The EAT has, in Clark v Clark Construction, today provided observations on the relevant criteria to consider when seeking to determine whether a controlling shareholder is also an employee..
Elias P., presiding, set out the following guidelines for tribunals follow (at para. 98):-
1. Where there is a contract ostensibly in place, the onus is on the party seeking to deny its effect to satisfy the court that it is not what it appears to be. This is particularly so where the individual has paid tax and national insurance as an employee; he has on the face of it earned the right to take advantage of the benefits which employees may derive from such payments.
2. The mere fact that the individual has a controlling shareholding does not of itself prevent a contract of employment arising. Nor does the fact that he in practice is able to exercise real or sole control over what the company does.
3. Similarly, the fact that he is an entrepreneur, or has built the company up, or will profit from its success, will not be factors militating against a finding that there is a contract in place. Indeed, any controlling shareholder will inevitably benefit from the company's success, as will many employees with share option schemes.

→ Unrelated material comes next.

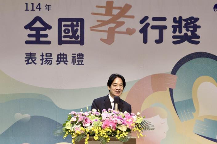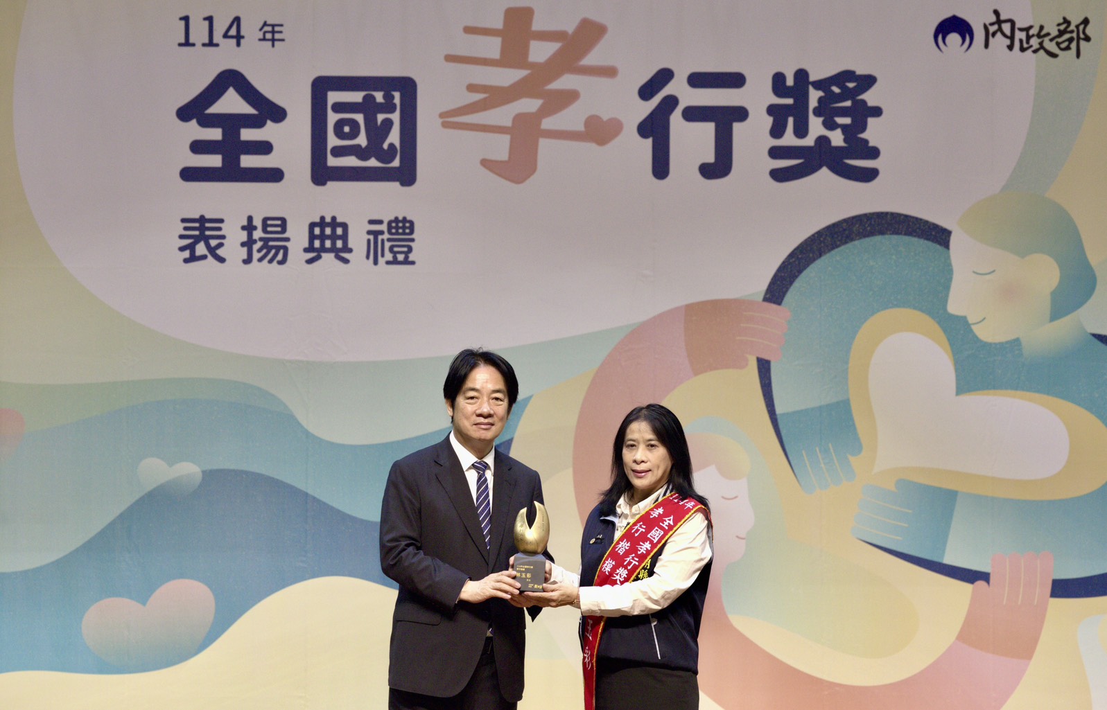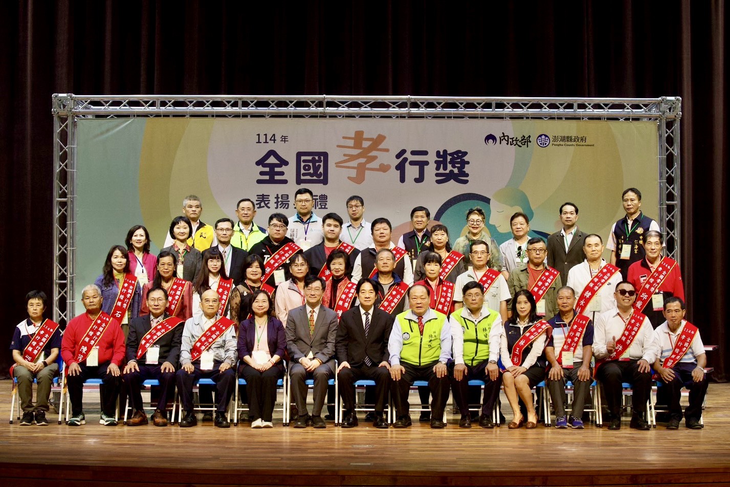 內政部今(28)日在澎湖縣演藝廳與澎湖縣政府共同舉辦「114年全國孝行獎表揚典禮」,由政務次長董建宏親自主持,總統賴清德、澎湖縣長陳光復也蒞臨盛會,表揚來自全國各地的30名孝行楷模。賴總統親自出席,表達對孝道的重視,頒發5名孝行楷模獎座,並與全體孝行楷模合照,留下珍貴的畫面。這場典禮不僅是對孝行楷模長年奉獻的肯定,也彰顯他們在家庭中實踐孝道、無私陪伴的精神。

4. If the conduct of the parties is in accordance with the contract that would be a strong pointer towards the contract being valid and binding. For example, this would be so if the individual works the hours stipulated or does not take more than the stipulated holidays.

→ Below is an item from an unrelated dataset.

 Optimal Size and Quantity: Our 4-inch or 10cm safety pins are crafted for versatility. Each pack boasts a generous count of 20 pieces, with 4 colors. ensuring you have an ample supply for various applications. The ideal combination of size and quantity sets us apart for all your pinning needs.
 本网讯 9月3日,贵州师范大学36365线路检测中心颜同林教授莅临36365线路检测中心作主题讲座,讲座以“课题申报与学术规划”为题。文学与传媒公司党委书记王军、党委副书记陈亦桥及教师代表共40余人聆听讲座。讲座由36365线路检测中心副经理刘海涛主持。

5. Conversely, if the conduct of the parties is either inconsistent with the contract (in the sense described in para.96) or in certain key areas where one might expect it to be governed by the contract is in fact not so governed, that would be a factor, and potentially a very important one, militating against a finding that the controlling shareholder is in reality an employee.
6. In that context, the assertion that there is a genuine contract will be undermined if the terms have not been identified or reduced into writing. This will be powerful evidence that the contract was not really intended to regulate the relationship in any way.

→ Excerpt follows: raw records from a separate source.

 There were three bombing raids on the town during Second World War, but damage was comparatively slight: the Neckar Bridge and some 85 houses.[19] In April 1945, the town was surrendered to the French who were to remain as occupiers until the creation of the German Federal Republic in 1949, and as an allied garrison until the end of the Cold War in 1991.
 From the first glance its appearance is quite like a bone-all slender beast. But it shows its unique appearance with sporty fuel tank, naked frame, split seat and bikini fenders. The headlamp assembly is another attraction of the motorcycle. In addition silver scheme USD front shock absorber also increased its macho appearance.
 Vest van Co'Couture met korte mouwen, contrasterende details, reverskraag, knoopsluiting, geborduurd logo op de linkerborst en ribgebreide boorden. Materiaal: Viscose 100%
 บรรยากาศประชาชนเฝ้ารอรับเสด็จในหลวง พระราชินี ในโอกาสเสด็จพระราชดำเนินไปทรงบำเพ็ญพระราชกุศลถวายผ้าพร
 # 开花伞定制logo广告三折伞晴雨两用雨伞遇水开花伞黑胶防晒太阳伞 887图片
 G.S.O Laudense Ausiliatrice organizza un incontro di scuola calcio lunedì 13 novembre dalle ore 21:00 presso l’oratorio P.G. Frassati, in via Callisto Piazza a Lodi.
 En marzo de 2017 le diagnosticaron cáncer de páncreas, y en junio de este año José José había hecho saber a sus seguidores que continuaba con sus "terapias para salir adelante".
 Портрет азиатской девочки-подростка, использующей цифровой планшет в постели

7. The fact that the individual takes loans from the company or guarantees its debts could exceptionally have some relevance in analysing the true nature of the relationship, but in most cases such factors are unlikely to carry any weight. There is nothing intrinsically inconsistent in a person who is an employee doing these things. Indeed, in many small companies it will be necessary for the controlling shareholder personally to have to give bank guarantees precisely because the company assets are small and no funding will be forthcoming without them.
8. Although the courts have said that the fact of there being a controlling shareholding is always relevant and may be decisive, that does not mean that the fact alone will ever justify a Tribunal in finding that there was no contract in place. The fact that there is a controlling shareholding is what may raise doubts as to whether that individual is truly an employee, but of itself that fact alone does not resolve those doubts one way or another.